Ulanbatur-İrkutsk treni
Ulanbatur’u geride bıraktık Sibirya’ya doğru yol alıyoruz.Yolculuk yaklaşık 22 saat sürecek. Trenin camlarının hiç biri açılmıyor sanki saunada gibi yolculuk yapıyoruz. Yine hard sleeper adıyla satılan mevkiden 52 dolara aldık irkutsk biletini.İstasyona bizi getiren taksi şöförü türk olduğumuzu öğrenince biz çok benziyoruz birbirimize Cengiz Kaan hepimizin atası kardeş gibiyiz dedi. Gerçektende sadece benzer kelimelerle değil yaşam şekli ilede burada hiç yabancılık çekmedik.
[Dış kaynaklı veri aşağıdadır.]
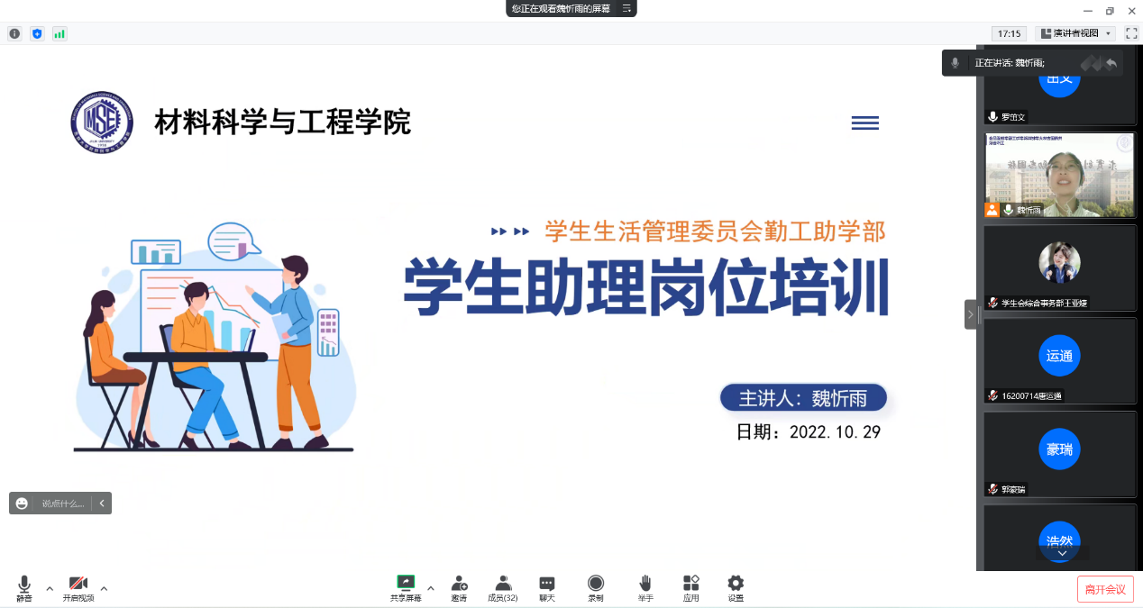 为进一步帮助学生助理明确工作职责,端正工作态度,更好地协助老师们完成工作,2022年10月29日晚九点,黄色影片 组织开展勤工助学岗位助理培训会,本次会议由学院学生生活管理会勤工助学部部长魏忻雨主持,全体学生助理参加培训。

Aldığımız 4 günlük turda kalmıştım. Ulanbatur’dan yaklaşık 2 saatlik yol alarak steplere ulaştık. Önce koruma altına alınan national parkı dolaştık. Ardından Orhun abidelerini yolu sora sora bulduk, gerçekten bulması bir hayli zor ancak civarındaki köylüler biliyor. Burada yolların bir coğu toprak ve hiç bir işaret yok bazen toprak yol 3-4 kola ayrılıyor artık orda iş şansa kalıyor.Biz ile birlikte bir otobüs koreli turistte geldi abideleri gezmeye. Bir hayli ilgili idiler bunca yıllık eserlerle ve bir çok büyük imparatorluklar kurmuş bir ırkın tarihinin ilk kalıntıları ile. Ardından isviçreli bir çift karavanları ile geldi. Bizim tarihimizin ilk yazılı eserlerini görmeye ayaküstü muhabbet ettik karavanla 8 aydır yollardaymışler asyada. Buralada türk görmek ne güzel dediler nasıl ayni olduk bunlar bizim tarihimizin ilk yazılı eserleri ama tabiki insanlık tarihi içinde önemliler.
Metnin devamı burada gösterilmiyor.